Johannes Naumann, Malte Elson, & Frank Goldhammer

Session 4A, 11:20 - 12:05, HAGEN 2

Data delivered by Large Scale Assessments (LSAs) are not only used to describe student performance, link performance to background variables on the student, school, and system level, and thus inform educational policy. Rather, LSA data is also increasingly being used for theory building in substantive educational and psychological research. One advantage of using LSA data for substantive research is that research grounded on LSAs already addresses many of the problems recently raised concerning the openness and replicability of educational and psychological research (“replication debate”; e.g. Makel & Plucker, 2014), given large samples and cyclic repetition, which can be utilized for a disentangling of exploratory and confirmatory research, or direct replications. As LSAs are increasingly carried out as computer-based assessments (CBAs), this extends to models requiring data on the task solution process, when log files of student behavior can be mined for psychologically meaningful behavioral indicators. Only few attempts however have been made to date to replicate research using LSA process data.

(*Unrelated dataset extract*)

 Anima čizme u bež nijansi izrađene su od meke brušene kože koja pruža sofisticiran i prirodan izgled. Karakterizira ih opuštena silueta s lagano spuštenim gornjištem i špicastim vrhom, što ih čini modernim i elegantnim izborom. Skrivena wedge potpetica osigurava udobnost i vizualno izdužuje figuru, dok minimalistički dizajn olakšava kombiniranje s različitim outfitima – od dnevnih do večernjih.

In the present research, PISA 2012 CBA data was used for an attempt to replicate recently published results that had been obtained using data from the (optional) PISA 2009 Digital Reading Assessment (Naumann & Goldhammer, 2017). In these authors’ research, a dual-processing account of reading digital text (Shiffrin & Schneider, 1977; Walczyk, 2000) was tested through an examination of items’ difficulties and persons’ skills effects on time-on-task effects on performance in digital reading, employing a GLMM-framework. Consistent with a dual processing account, the authors found strong positive time-on-task effects in weak digital readers and hard items, while time-on-task effects were negative in easy items and null in skilled digital readers. Thus, negative correlations emerged between random item and person intercepts, and random item and person specific time-on-task slopes, respectively. Also in line with a dual-processing account, items’ navigational demands and persons’ comprehension skills, modeled as fixed effects, moderated time- on-task effects thus that time-on-task effects were positive especially in weak comprehenders and in tasks with high navigation demands.

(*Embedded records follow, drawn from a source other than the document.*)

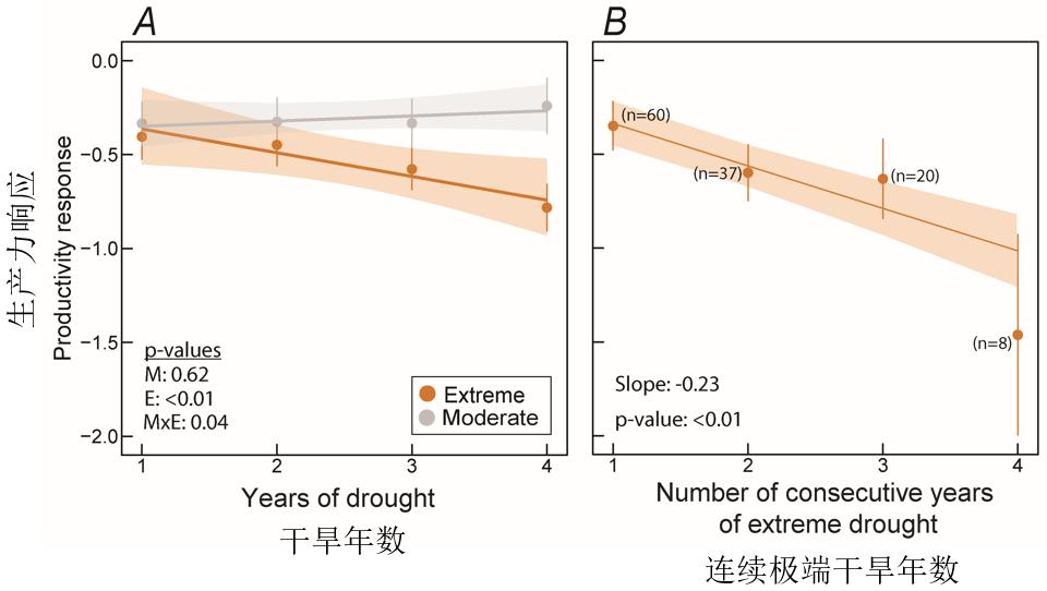 Impact of drought duration on productivity response under moderate and extreme drought.
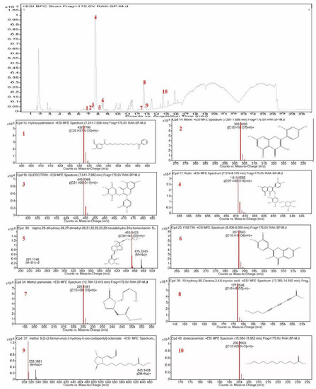 Polyphenolic rich extract was achieved by ultrasonic homogenizer extraction technique using 90% ethanol as a solvent as described. In the current study, the chemical profiling of CSP polyphenolic rich extract was carried out by means of by LC–ESI-Q-TOF–MS; the molecular mass (m/z) and lambda max (λmax) of the chemical compounds were compared with various database, literature survey, and research articles shown in Table 1. According to the identification data, the chemical compounds identified in CSP polyphenolic rich extract were flavonoids mostly flavonol derivatives along with fatty acids derivatives as shown in Figure 1. The most dominating chemical compound present in the CSP extract was rutin.
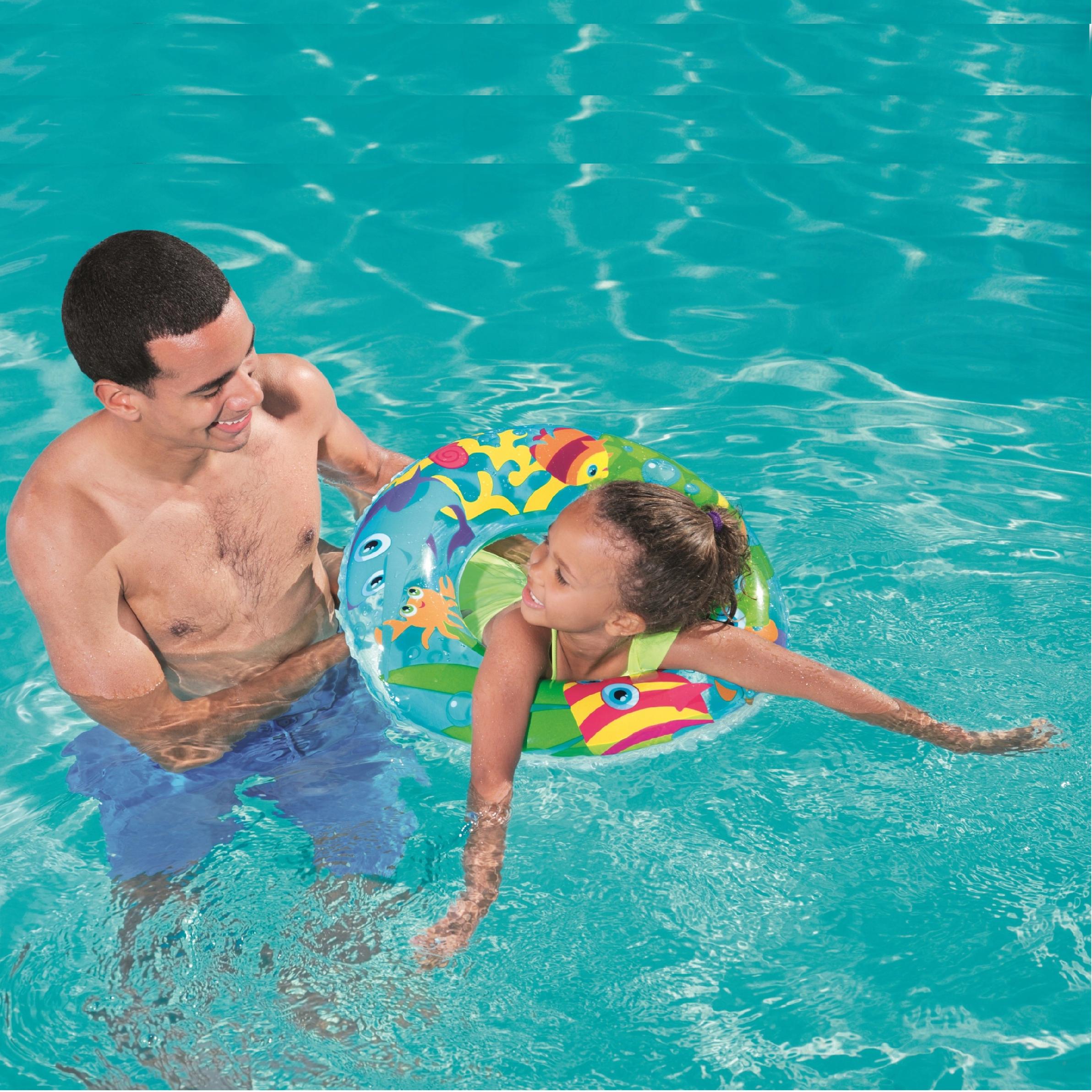 Kółko do pływania firmy Bestway z motywem zwierzątek na łące jest idealne dla dzieci w wieku przedszkolnym i wczesnoszkolnym. Wytrzymały materiał z tworzywa PCV jest przeznaczony do wielokrotnego napełniania i opróżniania. Koło niezbędne jest do pomocy przy pływaniu oraz zabaw w wodzie. Kółko świetnie nadaję się zarówno nad morze czy jezioro, ale także na basen lub zabawy w ogrodzie.

These results were only partly replicated in PISA 2012. While the median correlation between person intercepts and slopes across 17 countries participating in both cycles was -.61 in 2009, pointing to much stronger time-on-task effects in weaker digital readers, the corresponding median correlation in 2012 was only -.30. Also, this correlation was lower in 2012 than 2009 in each individual country. The median correlation between item intercepts and slopes was -.61 in 2009, and -.50 in 2012. Similarly, while the median interaction effect between time on task and comprehension skill in 2009 was -0.07, it was only -0.03 in 2012, and the median interaction between time on task and navigation demands was 0.26 in 2012, while it was 0.48 in 2009.

These results indicate that replicability of substantive results that were obtained using LSA- data must not be taken for granted despite large samples and standardized testing procedures. The present results are discussed in the context of changes in the test design that had occurred between the 2009 and 2012 PISA CBAs.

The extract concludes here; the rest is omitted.